Paste the following Arabidopsis thaliana miRNA sequences in the box provided:
>ath‐miR156a UGACAGAAGAGAGUGAGCAC
>ath‐miR157a UUGACAGAAGAUAGAGAGCAC
>ath‐miR158a UCCCAAAUGUAGACAAAGCA
>ath‐miR398a UGUGUUCUCAGGUCACCCCUU
>ath‐miR398b UGUGUUCUCAGGUCACCCCUG
>ath‐miR398c UGUGUUCUCAGGUCACCCCUG
>ath‐miR834 UGGUAGCAGUAGCGGUGGUAA
>ath‐miR390a AAGCUCAGGAGGGAUAGCGCC
>ath‐miR390b AAGCUCAGGAGGGAUAGCGCC
An existing library of transcripts or a genomic library for target search is to be selected from the list – namely, Arabidopsis thaliana, genomic DNA, 3.4 K segments from a strand with 0.4 K overlapped region, TAIR.
Add the required parameters given options, or use default values.
Click on the “submit” button to obtain the result or the “reset” button to perform a new prediction.
46.4.3 Results
The result page gives a list of predicted miRNA/Target pairs for the input miRNA sequences against the selected genomic library. The result tabulates miRNA accession, target accession, expectation score, target accessibility, alignment, and also the target description. The server also has a facility for batch‐downloading of the complete result.

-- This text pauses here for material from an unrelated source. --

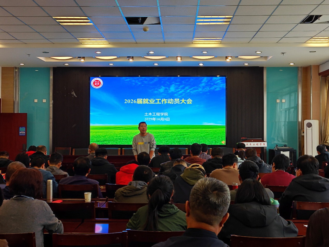 为进一步落实立德树人根本任务,扎实推进毕业生实现高质量充分就业,10月9日下午,土木工程学院在逸夫楼B404召开2026届毕业生就业工作动员会。学院领导班子成员、各系主任、研究生导师、毕业班班主任及辅导员参加会议。

This is command‐line software that runs on Linux and uses a weighted dynamic programming algorithm to obtain the candidate sequences. This algorithm uses a score to rank the predictions that consist of a weighted sum based on matches, mismatches, and G:U wobbles (Enright et al., 2004).
46.5.1 Objective
To search for the targets of user submitted miRNA sequences against the RNA sequence.
46.5.2 Procedure
Here, sheep miRNA will be used to predict the target by search against the set of sheep RNA, using miRanda:
Paste the following sequence, create an input file named mature.fa. and keep it in the src directory of miRandatool:
>oar‐let‐7b MIMAT0014963 UGAGGUAGUAGGUUGUGUGGU
Download a coding set of sheep from NCBI from the link ftp://ftp.ncbi.nlm.nih.gov/genomes/all/GCF_000298735.2_Oar_v4.0/GCF_000298735.2_Oar_v4.0_rna.fna.gz, and keep in the src directory of miRanda software.
Sheep.fa is the coding sequence for sheep, as downloaded from NCBI.
Type the command./mirandamature.fasheep.fa > sheep_target.out
46.5.3 Result
miRanda provides details on predicted miRNA/Target pairs for the input miRNA sequences against the coding sequence of sheep. Gene symbol, gene names, RefSeq id, alignment, score, and so on are stored in the output file.
46.6 QUESTIONS
1. Predict biological targets of the conserved miRNA family in mouse using the TargetScan web server with broadly conserved microRNA family “miR‐21‐5p/590‐5p”. How many target genes are predicted from this miRNA family?
2. From the above search made, how many are conserved sites, and how many poorly conserved sites are there?
3. Find the predicted target with conserved sites only in the mouse, for conserved miRNA family miR‐21‐5p/590‐5p.
4. Find the predicted conserved miRNA target sites for gene Khc‐73 in D. melanogaster using the TargetScanFly server. Discuss the output in detail.